As any klutz will tell you, coordination is complicated. Just walking down the street--let alone juggling--requires large portions of the brain to keep track of the body and move its limbs. Now neuroscientists think they've found a brain area that performs one of the more difficult of these chores--integrating sensations to figure out the body's position.
People and animals keep track of their limbs with several senses: vision; touch; proprioception, or the feel of the body's position; and memories of recent movements. Sometimes integrating these signals goes awry. For instance, some people with damage to a part of the brain called the parietal cortex don't recognize a limb as their own. They might wake up startled, thinking someone has put a fake leg in their bed. It's puzzling what goes wrong in these people--and equally mysterious how the senses cooperate in a healthy brain.
To locate where signals from vision and proprioception come together in the brain, a team led by psychologist Michael Graziano of Princeton University first had to tease apart these streams of information in monkeys. The researchers hid the monkey's arms beneath a shallow ledge and placed a realistic, stuffed monkey arm on top of the ledge where the monkey could see it. This way the researchers could measure whether signals are caused by the monkey looking at an arm, versus feeling it.
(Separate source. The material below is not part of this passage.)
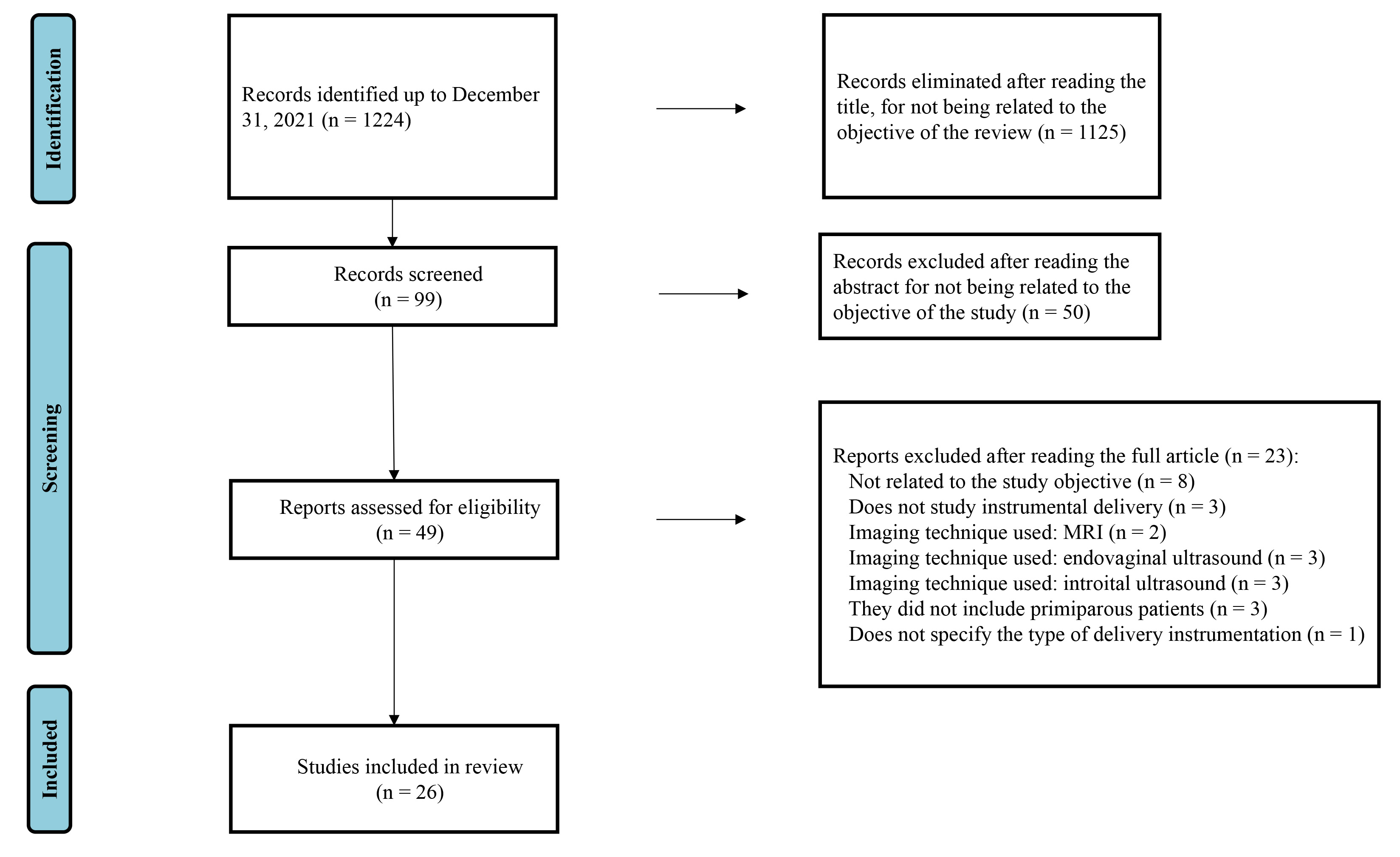 The search included 1225 studies that met the MeSH criteria, of which 26 were included in the review because they met the inclusion criteria (Fig. 1). Of all the excluded studies, we highlight the study by Greenbaum et al. [10] which, although it met the inclusion criteria, was excluded because it did not mention the type of instrumentation performed during vaginal delivery.

The team tested neurons in a region of the parietal cortex called area 5 that's involved in proprioception. They recorded firing rates from neurons that responded selectively to one arm or another. Then they checked to see if vision plays a role by examining whether the neurons changed their firing rates when the monkey saw the fake arm. If the fake arm was put on the wrong side of the body or flipped around so that the palm was toward the body, the neurons didn't respond. But 29% of neurons did change their firing rates when the visible fake arm was put in a position similar to that of the felt--but hidden--real arm. As the researchers report in the 30 November issue of Science, these neurons appear to be sensitive to both vision and proprioception.
The study suggests that "the information processed by area 5 is more multisensory, more abstract" than simple proprioception, says neurophysiologist Lawrence Snyder of Washington University in Saint Louis. And if area 5 neurons integrate signals from many channels, Snyder says, they might be the first stages of a "representation of where the body is in space."